About this task >>
Up to and including the line that holds "В рамках третьего", print the data exactly from its first line; do not print the pictures.

Data >>

-.-.-

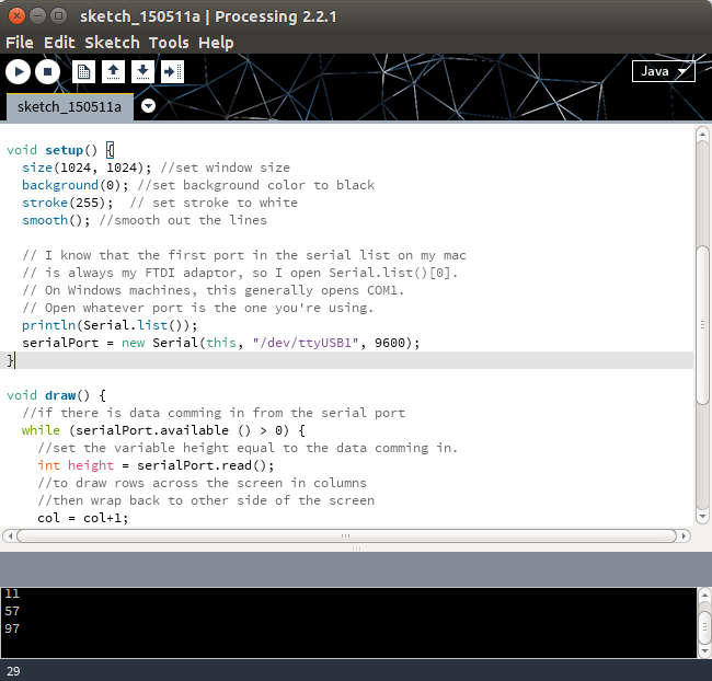 I had trouble directing it to the correct serial port. I knew I was using dev/tty/USB1 - by using dmesg on linux. However even using the correct index from the list of printed ports available did not work and the serial Processing library wasnt very helpful. I asked Ferdi my instructor and we made it work like this: "dev/ttyUSB1"
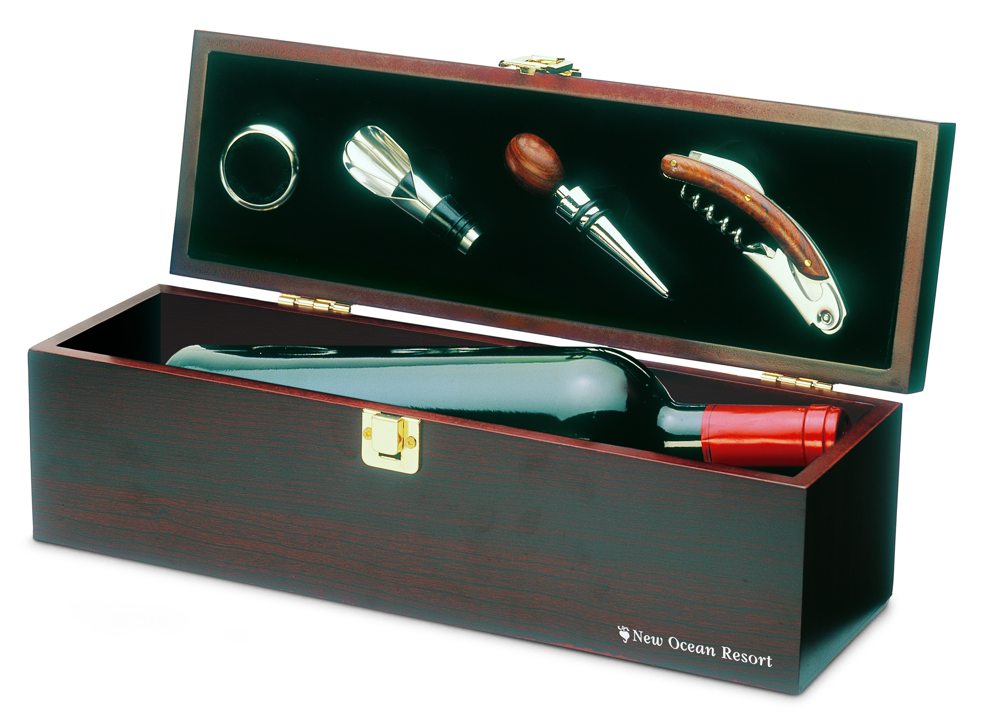 Drewniane pudełko na 1 butelkę wina, z akcesoriami. Wino nie dołączone.
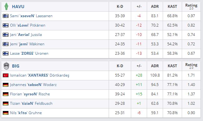В рамках третьего раунда нижней сетки Funspark ULTI 2020 команда HAVU, ранее обыгравшая Virtus.pro и Dignitas, проиграла BIG со счетом 0:2. Коллектив выбыл с соревнования и заработал $15,000 за 4 место.
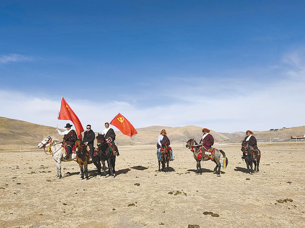 在玉樹藏族自治州曲麻萊縣葉格鄉(xiāng)龍麻村,一陣馬蹄聲由遠而近,牧民江措趕忙放下手中的活從帳篷里探出頭來,定睛一看,幾個熟悉的身影進入視線。走在最前面的干部手拿一面鮮紅的黨旗隨風(fēng)飄動,江措激動地向大家打起了招呼。
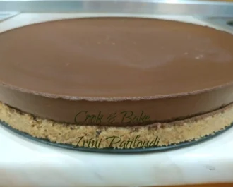 Αδειάζουμε την κρέμα σοκολάτας πάνω στη βάση της τάρτας και την στρώνουμε ομοιόμορφα. Σκεπάζουμε με μεμβράνη και αφήνουμε στο ψυγείο για 3 ώρες, μέχρι να σφίξει η κρέμα.
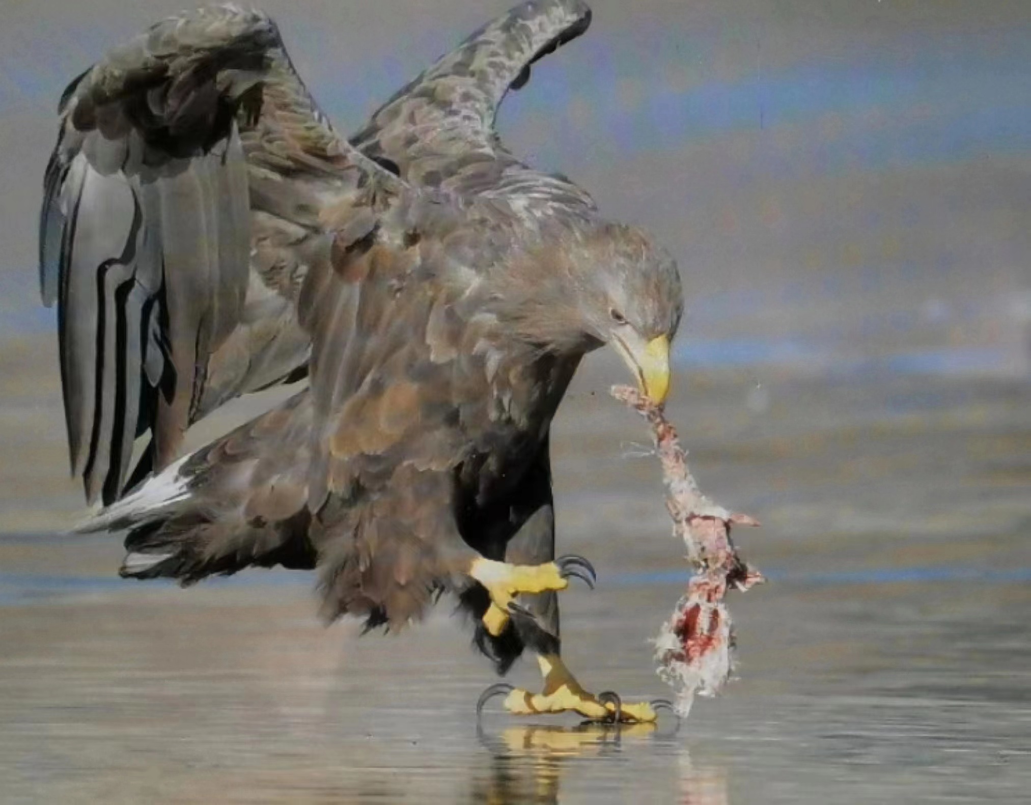 “这次发现了四只白尾海雕,两只成年大雕,两只三、四岁的小雕。”野生动物摄影师索丹罗珠告诉记者,白尾海雕捕食会在低空盘旋,发现鱼后缓速下降,接触水面一刹那会迅速将利爪伸入水中抓住猎物。白尾海雕喜欢在近水开阔空旷的草甸、沼泽等环境觅食活动,通常是单只或成对觅食,多只汇聚捕食较为罕见。
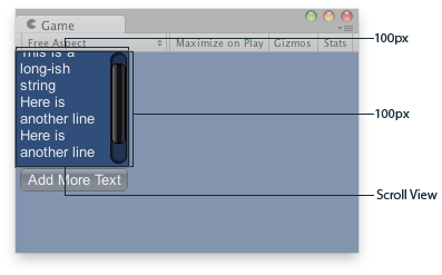 // The string to display inside the scrollview. 2 buttons below add & clear this string. string longString = "This is a long-ish string";
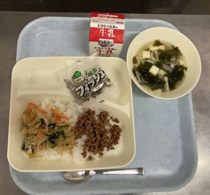 ビビンバ、わかめスープ、ミニフィッシュ、ご飯、牛乳です。
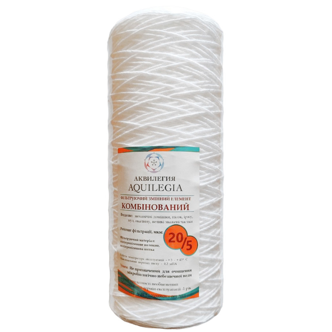 Комбінований фільтруючий елемент Аквілегія використовується для попереднього очищення холодної води. Захищає наступні етапи очищення води, побутову техніку, сантехнічні прилади.
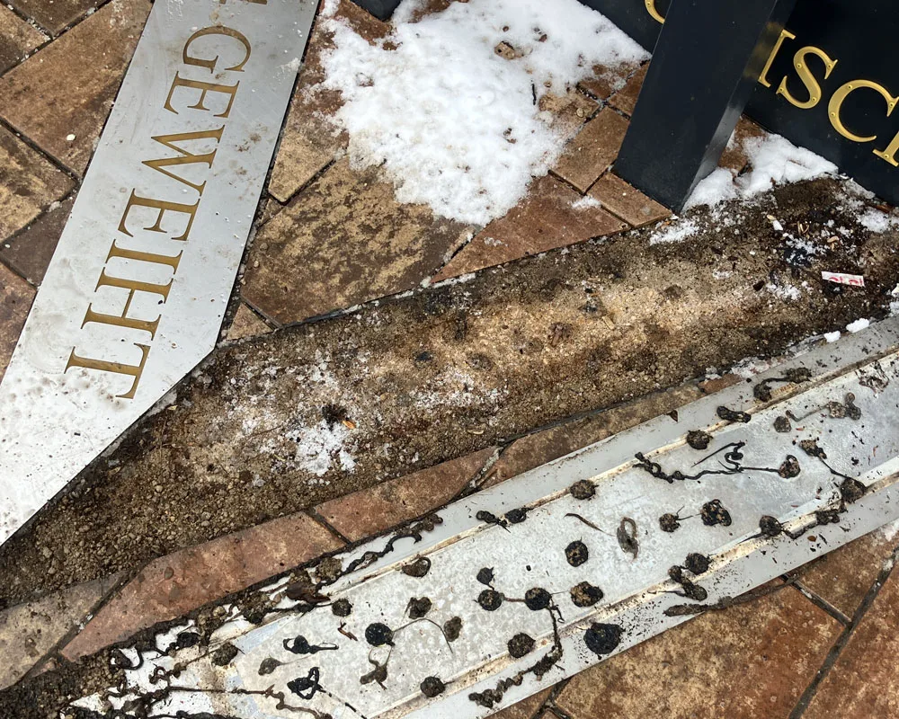 Gotha: Frostschaden am Denkmal zur Erinnerung an die ehemalige jüdische Synagoge
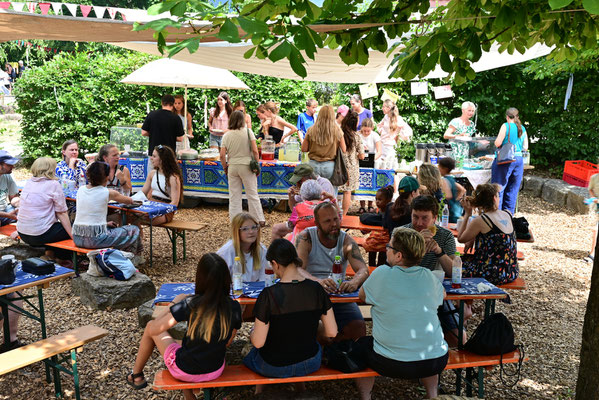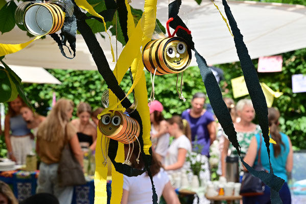 Einmal mehr hat sich unser Schulgelände in ein sonnendurchflutetes und quirliges Meer von Ständen, Attraktionen und Cafés verwandelt. Barfußpfad-Parcours, Perlenfäden-Basteln, Blumenkranz-Binden und vieles mehr luden zum Mitmachen ein, dazu gab es ein vielfältiges kulinarisches Angebot von Crêpes, Kuchen und Waffeln, über Bratwürste, Pizza und Fruchtspieße bis zu Cocktails, Saftschorlen und Eisteekreationen. Man sieht, dass es den Besuchern gefallen hat...

-.-.-

Written response >>
 I had trouble directing it to the correct serial port. I knew I was using dev/tty/USB1 - by using dmesg on linux. However even using the correct index from the list of printed ports available did not work and the serial Processing library wasnt very helpful. I asked Ferdi my instructor and we made it work like this: "dev/ttyUSB1"
 Drewniane pudełko na 1 butelkę wina, z akcesoriami. Wino nie dołączone.
В рамках третьего раунда нижней сетки Funspark ULTI 2020 команда HAVU, ранее обыгравшая Virtus.pro и Dignitas, проиграла BIG со счетом 0:2. Коллектив выбыл с соревнования и заработал $15,000 за 4 место.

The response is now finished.